• Materials provided:
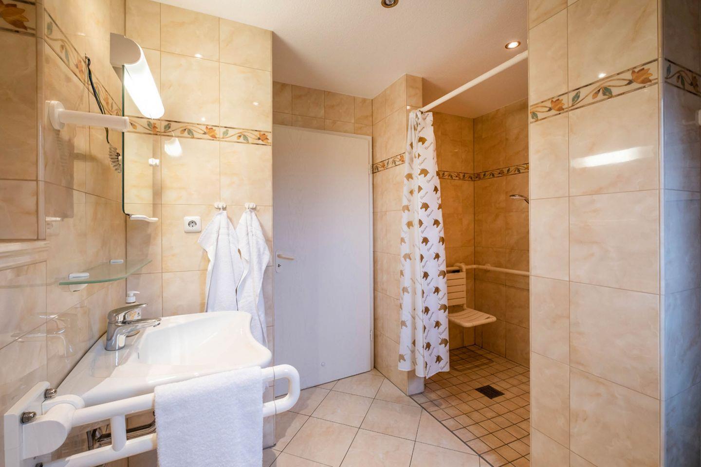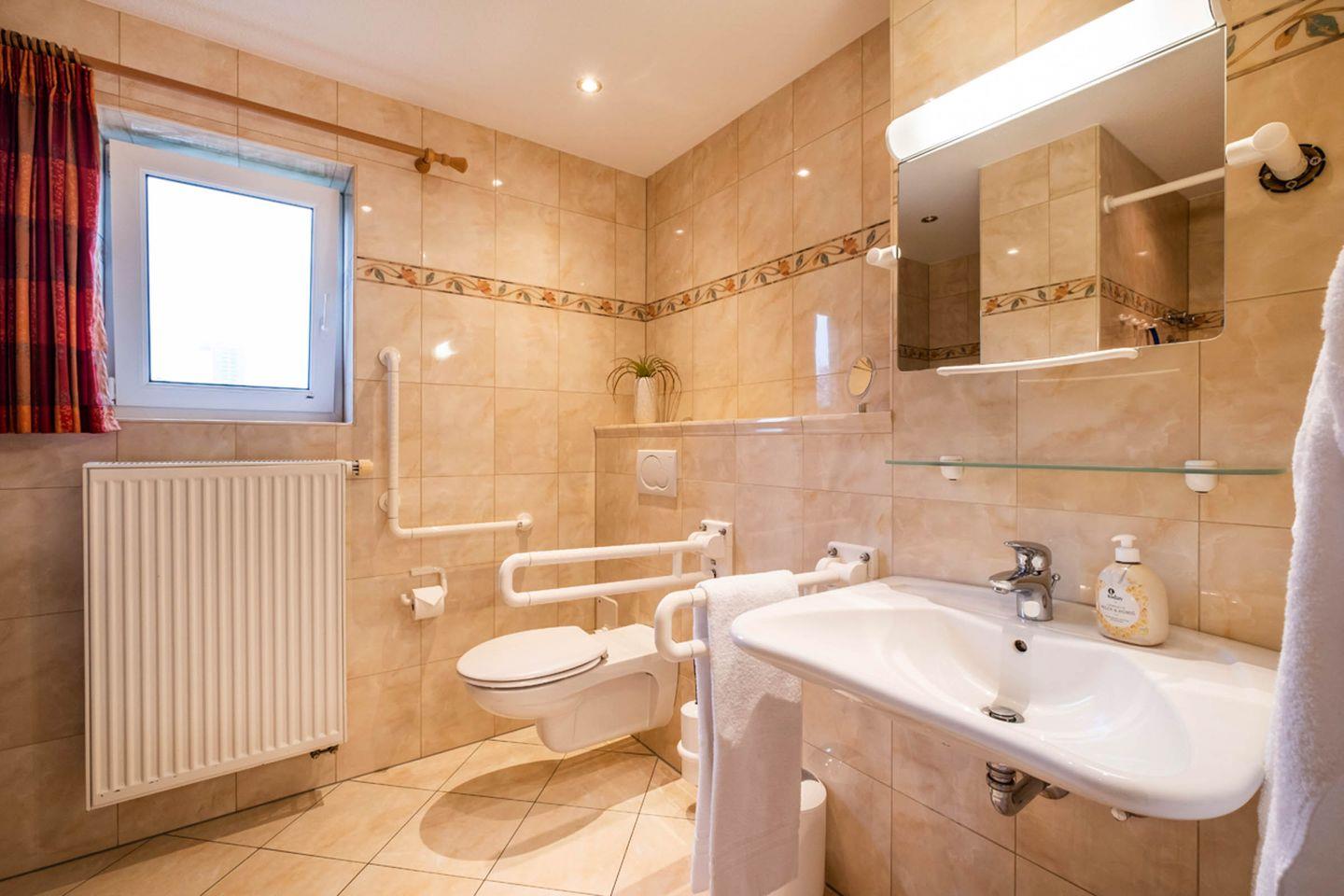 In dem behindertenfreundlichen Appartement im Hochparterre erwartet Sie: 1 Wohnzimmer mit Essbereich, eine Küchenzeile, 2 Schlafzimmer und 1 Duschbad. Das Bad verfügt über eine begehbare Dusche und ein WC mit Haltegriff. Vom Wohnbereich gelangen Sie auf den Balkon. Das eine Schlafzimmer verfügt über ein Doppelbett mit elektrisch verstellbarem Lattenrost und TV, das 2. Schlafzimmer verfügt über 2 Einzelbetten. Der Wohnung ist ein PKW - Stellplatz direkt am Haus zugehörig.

--

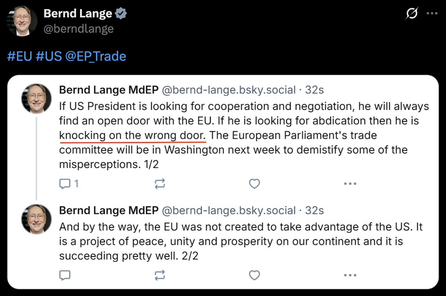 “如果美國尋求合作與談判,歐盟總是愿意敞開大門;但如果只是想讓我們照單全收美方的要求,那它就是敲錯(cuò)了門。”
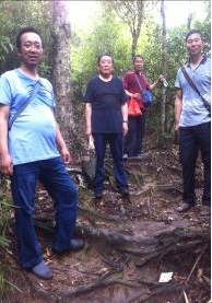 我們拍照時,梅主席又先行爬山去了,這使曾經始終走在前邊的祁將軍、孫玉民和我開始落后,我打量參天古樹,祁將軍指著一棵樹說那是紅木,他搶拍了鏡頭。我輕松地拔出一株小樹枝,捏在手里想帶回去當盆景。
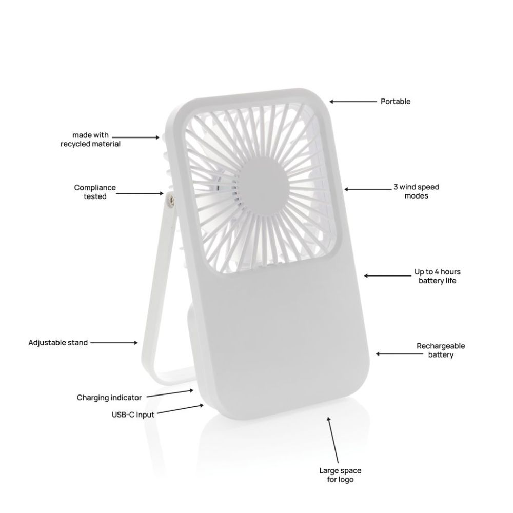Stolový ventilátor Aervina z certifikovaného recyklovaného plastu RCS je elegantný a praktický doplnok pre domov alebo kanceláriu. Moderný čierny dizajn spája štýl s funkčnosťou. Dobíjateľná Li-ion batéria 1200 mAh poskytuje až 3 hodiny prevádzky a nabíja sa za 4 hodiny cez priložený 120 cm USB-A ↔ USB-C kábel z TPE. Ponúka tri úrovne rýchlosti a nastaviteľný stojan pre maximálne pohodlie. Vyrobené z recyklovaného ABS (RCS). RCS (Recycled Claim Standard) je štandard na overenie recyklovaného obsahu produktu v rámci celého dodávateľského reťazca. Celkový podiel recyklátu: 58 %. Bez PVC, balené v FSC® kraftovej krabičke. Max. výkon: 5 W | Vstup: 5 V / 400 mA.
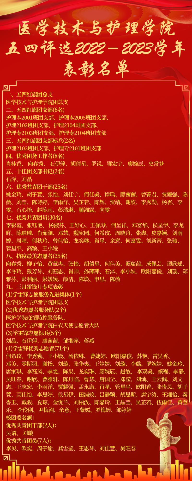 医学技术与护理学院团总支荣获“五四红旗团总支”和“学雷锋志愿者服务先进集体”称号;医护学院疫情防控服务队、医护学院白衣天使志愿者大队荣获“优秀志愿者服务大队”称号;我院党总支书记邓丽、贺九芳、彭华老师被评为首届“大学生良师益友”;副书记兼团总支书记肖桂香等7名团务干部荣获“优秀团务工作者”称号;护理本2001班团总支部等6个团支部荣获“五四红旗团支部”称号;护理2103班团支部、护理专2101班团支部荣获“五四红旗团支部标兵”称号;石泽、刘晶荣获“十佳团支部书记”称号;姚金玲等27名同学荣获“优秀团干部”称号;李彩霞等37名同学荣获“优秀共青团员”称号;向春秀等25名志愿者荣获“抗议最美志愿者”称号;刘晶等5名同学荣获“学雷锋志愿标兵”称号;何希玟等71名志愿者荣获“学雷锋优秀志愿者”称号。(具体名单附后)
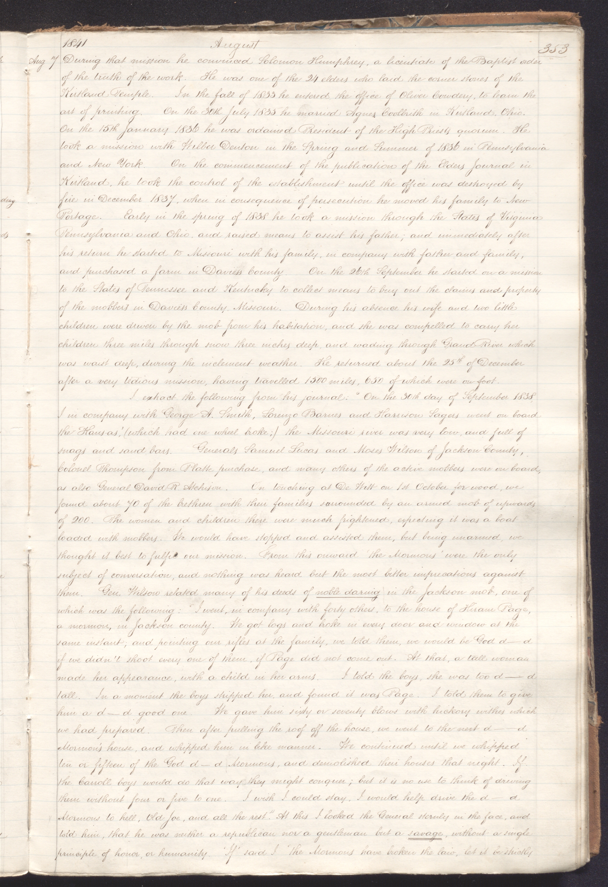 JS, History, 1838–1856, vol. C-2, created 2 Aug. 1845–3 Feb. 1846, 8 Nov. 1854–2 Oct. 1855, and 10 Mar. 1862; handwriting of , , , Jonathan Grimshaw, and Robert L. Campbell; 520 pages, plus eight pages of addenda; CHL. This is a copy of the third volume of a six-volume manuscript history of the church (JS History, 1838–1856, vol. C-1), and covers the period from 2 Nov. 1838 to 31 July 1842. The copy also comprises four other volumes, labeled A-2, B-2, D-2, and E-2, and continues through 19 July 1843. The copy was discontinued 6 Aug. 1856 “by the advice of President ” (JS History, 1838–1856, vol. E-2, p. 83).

• Required work: Restate word for word the lines of the data above that begin at the line with "Stolový ventilátor Aervina" and end at the line with "医学技术与护理学院团总支荣获", keeping both ends and dropping every picture.

• Reply:
Stolový ventilátor Aervina z certifikovaného recyklovaného plastu RCS je elegantný a praktický doplnok pre domov alebo kanceláriu. Moderný čierny dizajn spája štýl s funkčnosťou. Dobíjateľná Li-ion batéria 1200 mAh poskytuje až 3 hodiny prevádzky a nabíja sa za 4 hodiny cez priložený 120 cm USB-A ↔ USB-C kábel z TPE. Ponúka tri úrovne rýchlosti a nastaviteľný stojan pre maximálne pohodlie. Vyrobené z recyklovaného ABS (RCS). RCS (Recycled Claim Standard) je štandard na overenie recyklovaného obsahu produktu v rámci celého dodávateľského reťazca. Celkový podiel recyklátu: 58 %. Bez PVC, balené v FSC® kraftovej krabičke. Max. výkon: 5 W | Vstup: 5 V / 400 mA.
 医学技术与护理学院团总支荣获“五四红旗团总支”和“学雷锋志愿者服务先进集体”称号;医护学院疫情防控服务队、医护学院白衣天使志愿者大队荣获“优秀志愿者服务大队”称号;我院党总支书记邓丽、贺九芳、彭华老师被评为首届“大学生良师益友”;副书记兼团总支书记肖桂香等7名团务干部荣获“优秀团务工作者”称号;护理本2001班团总支部等6个团支部荣获“五四红旗团支部”称号;护理2103班团支部、护理专2101班团支部荣获“五四红旗团支部标兵”称号;石泽、刘晶荣获“十佳团支部书记”称号;姚金玲等27名同学荣获“优秀团干部”称号;李彩霞等37名同学荣获“优秀共青团员”称号;向春秀等25名志愿者荣获“抗议最美志愿者”称号;刘晶等5名同学荣获“学雷锋志愿标兵”称号;何希玟等71名志愿者荣获“学雷锋优秀志愿者”称号。(具体名单附后)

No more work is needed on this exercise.